Dahua is one of the world’s largest CCTV manufacturers and quite popular worldwide, including the United States. The company is a Chinese private-owned entity that claims no affiliation with the Chinese government, but that has not stopped the US government from banning Dahua and their OEM from federal CCTV projects.
A large number of American companies and CCTV sellers buy Dahua OEM security equipment and resell them using their own brand name, logos, models, most of the time purposely hiding the fact that the cameras are Dahua.
There are few ways how to tell if a camera or a security device is Dahua OEM: product documentation, inspecting the firmware, checking the camera’s motherboard, the interface, the shipping record, etc.
Which companies sell Dahua OEM products
In this article, we’ve listed all the known companies that sell Dahua OEM products, usually under their own brand names and logos. A few of these companies have stopped selling Dahua and moved to other OEMs. The Dahua OEM (rebranded) sellers are listed alphabetically (most of them sourced from IPVM, a few more added by SCC).
- 2M CCTV
- Backstreet Surveillance
- Bosch (a few of their cameras and NVR models)
- BV Security
- CCTV Security Pros
- CCTV Star
- CP Plus
- Dax Networks
- DH Vision
- Eastern CCTV
- ENS Expose
- Gess Technologies
- Honeywell (a few of their product lines)
- IC Realtime
- Infinity CCTV
- Panasonic (in certain countries only)
- People Fu
- Platinum CCTV
- Security Camera King
- Space Technology
- VIP Vision
Usually, these companies purchase bulk product lines from Dahua and stamp their own logos, brand names, models, interface color schemes. Most of the time they try to hide the original manufacturer or make it difficult for the end-user to trace the camera’s origin. Sometimes they will modify the firmware as well, or try to customize it.
Former Dahua OEM sellers
After Dahua was banned by the United States government, many sellers dropped them and moved to other OEMs such as Uniview, Hikvision, TVT, Raysharp, etc. Some even went out of business or merged with other companies.
- ADT (their residential line used to be Dahua OEM)
- Annke (move to Hikvision OEMs)
- DVR Unlimited
- Tyco Holis
- Tyco Illustra EssentialsUra
How to tell a Dahua OEM
There are a few ways to tell if a security product is Dahua OEM.
Even though the OEM resellers try to hide the fact the equipment is made by Dahua, there are still similarities in the interface that can’t be hidden. These clues are the web interface layout, the login screen, user interface and layout, the color scheme, the placement of the settings, etc.
So, if you compare the interface of a Dahua brand name camera with one from an OEM seller, you’ll notice that interface is quite similar. An example is shown below, an IC Realtime interface and the original one from Dahua (notice how similar they are).
Same Configuration Tool
All Dahua OEM models can be discovered by using the Dahua’s scanning tool (called IP Config tool). Simply run the software on the laptop, scan the network, and no matter what brand the device has, if it’s Dahua, it will get listed on the tool.
Below is an example, an IC Realtime device is detected by Dahua’s IP config tool. That’s an indication the device is Dahua OEM.
The MAC address
You can look up the MAC address of the OEM device and find out if it’s reported as Dahua-made equipment. For example, you can use this tool MAC OUI to lookup (from Wireshark) the MAC address. However, some OEM resellers are able to hide or manipulate the MAC addresses in order to mask the original manufacturer.
Model number on the motherboard
The OEM resellers use their own models and logos for the equipment they sell, but still, if you open up any device (camera for example) you’ll find the model number inscribed on the motherboard.
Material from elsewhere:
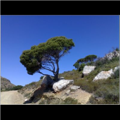 | Pinie auf dem Hinweg | Diesselbe Pinie auf dem Rückweg | Blick wieder auf Cadaques |

Simply google it and you should find out that, in fact, it’s a Dahua OEM.
Dahua Security Vulnerabilities
Dahua-made security devices are famous for their repeated major cybersecurity vulnerabilities in the past few years. So far, the following vulnerabilities have been found (according to IPVM):
- Wiretapping vulnerability, 2019: A security researcher discovered that audio streams could be accessed without authentication in Dahua and OEM models. In other words, an unauthorized party was able to attack the camera and listen to its microphone, even when the option was disabled on the camera’s settings.
- Exposed credentials, 2017: Vulnerable Dahua cameras and DVRs or NVRs contained an unsecured configuration file with the device’s username and password. Hackers could remotely access these devices and retrieve their credentials.
- Hardcoded backdoor, 2017: This software vulnerability allowed unauthorized parties to gain admin access to the camera, basically, fully taking over the camera’s feed or the DVR/NVR.
If you’re using any of the products from the companies listed in this article, make sure to update their firmware to the latest version, especially if the equipment is manufactured by Dahua.